Album
- The cover of the first issue of Album magazine
- Categories: Art photography magazine
- Frequency: Monthly
- First issue: February 1970
- Final issue: January 1971
- Company: Album Photographic Ltd.
- Country: United Kingdom

= Album (magazine) =

Defunct British photography magazine

Album was a monthly art photography magazine from Album Photographic Ltd. that published 12 issues between February 1970 and January 1971.

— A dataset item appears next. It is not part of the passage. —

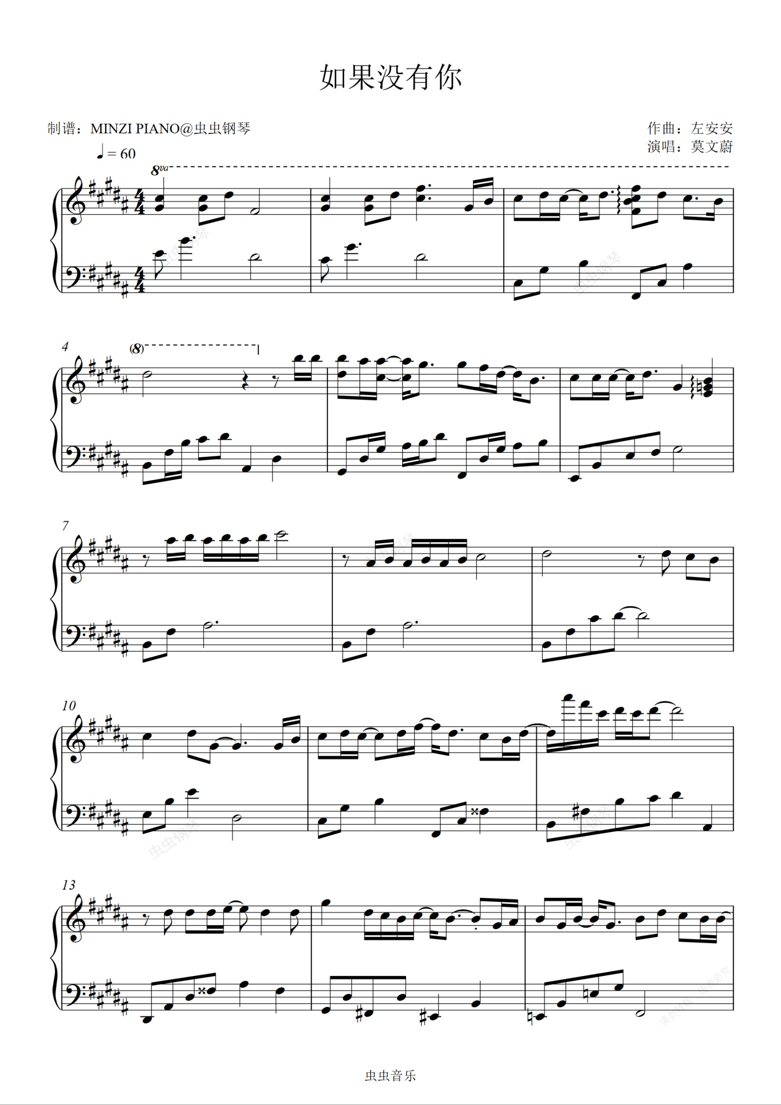 钢琴谱:如果没有你-莫文蔚 原调

Although it was a short-lived publication, Album is important in that it featured budding photographers who have since become notable, including several members of Magnum Photos. Featured photographers include Bill Brandt, W. Eugene Smith and Emmet Gowin.

==History and profile==
Album was founded and edited by Bill Jay (previously editor of Creative Camera); the publisher was Aidan Ellis (also previously with Creative Camera, as artist and publisher); and Tristram Powell, a television and film director, was in charge of finance.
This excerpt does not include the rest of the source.